Task to carry out:
Print the listing below verbatim, passing over each picture.

Exercise data:

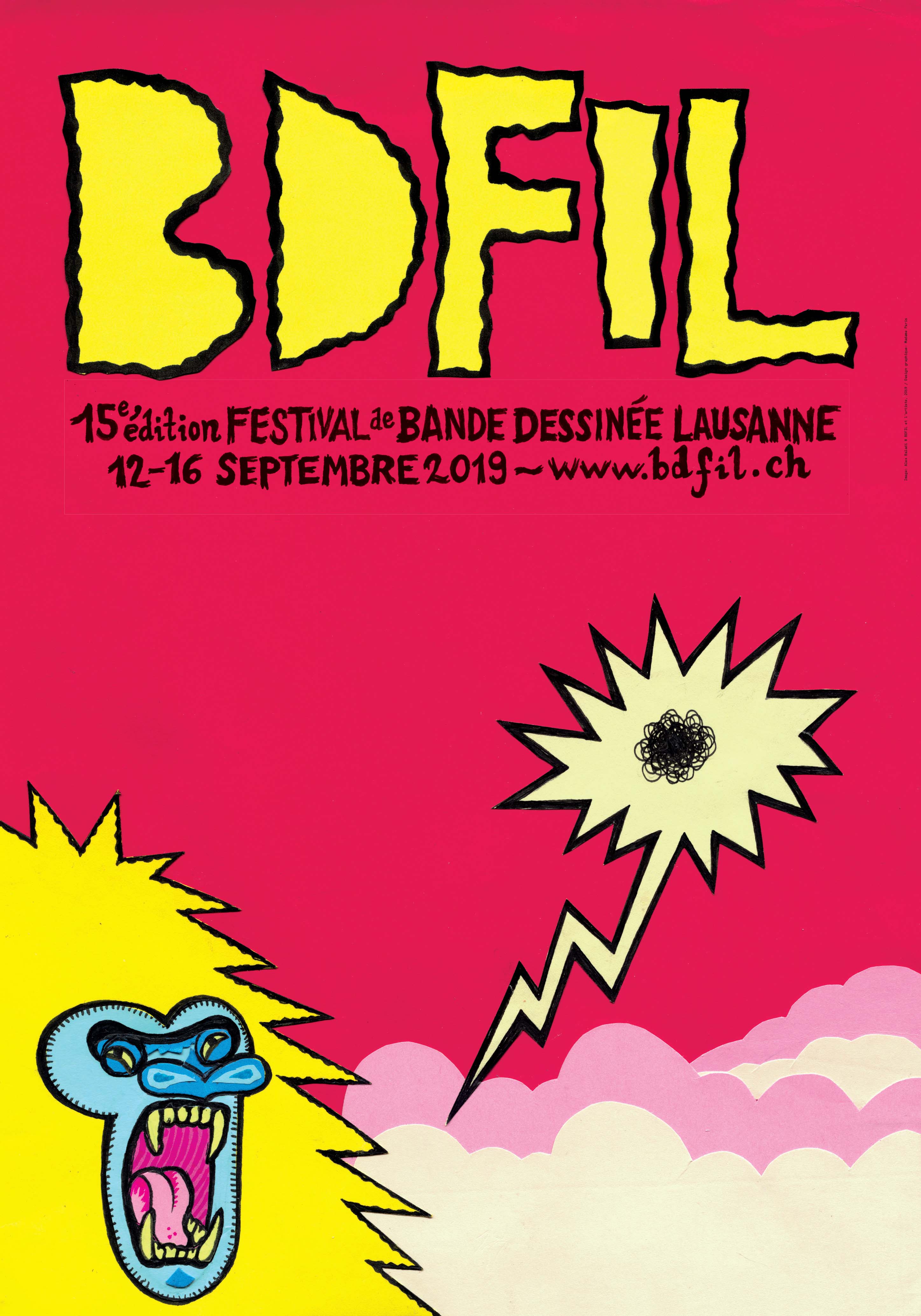 Rouge pétant, rose tendre, jaune de chrome, azur clair… Avec ses couleurs criardes et son gorille hurleur, on croirait presque à une affiche de cirque… Le cri renferme une pelote d’énervement, et la crinière hérissée épouse la forme du cri. Issu du monde sauvage, le motif est en apparence bien éloigné de notre Suisse tranquille, de Lausanne et du bleu Léman. Mais en apparence seulement : le grand singe est en effet échappé du Robinson suisse (Atrabile, 2019), dernière bande dessinée de Baladi. Et le Robinson suisse ne dit pas seulement la Suisse, mais aussi Lausanne, puisque le scénario en est dû à Isabelle de Montolieu, aristocrate lausannoise du début du XIXe siècle… On croirait presque à une affiche de cirque et c’est tant mieux : l’in-cro-yaaaaa-ble BDFIL installe à nouveau son grand chapiteau du 12 au 16 septembre à Lausanne.
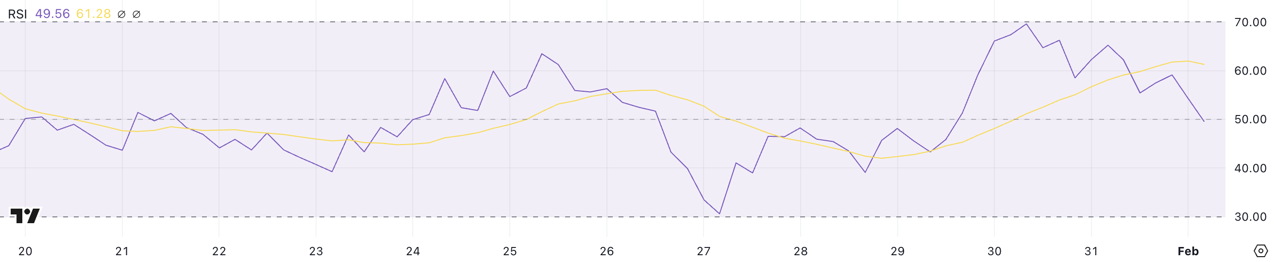 如果穩定或回升至 50 以上,可能表明買盤興趣重燃,價格有望回升。
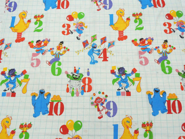 【セサミストリートの仲間たち】USA製・数字柄・ヴィンテージ・ユーズドシーツ(フラットタイプ)

Answer to this task:
 Rouge pétant, rose tendre, jaune de chrome, azur clair… Avec ses couleurs criardes et son gorille hurleur, on croirait presque à une affiche de cirque… Le cri renferme une pelote d’énervement, et la crinière hérissée épouse la forme du cri. Issu du monde sauvage, le motif est en apparence bien éloigné de notre Suisse tranquille, de Lausanne et du bleu Léman. Mais en apparence seulement : le grand singe est en effet échappé du Robinson suisse (Atrabile, 2019), dernière bande dessinée de Baladi. Et le Robinson suisse ne dit pas seulement la Suisse, mais aussi Lausanne, puisque le scénario en est dû à Isabelle de Montolieu, aristocrate lausannoise du début du XIXe siècle… On croirait presque à une affiche de cirque et c’est tant mieux : l’in-cro-yaaaaa-ble BDFIL installe à nouveau son grand chapiteau du 12 au 16 septembre à Lausanne.
 如果穩定或回升至 50 以上,可能表明買盤興趣重燃,價格有望回升。
 【セサミストリートの仲間たち】USA製・数字柄・ヴィンテージ・ユーズドシーツ(フラットタイプ)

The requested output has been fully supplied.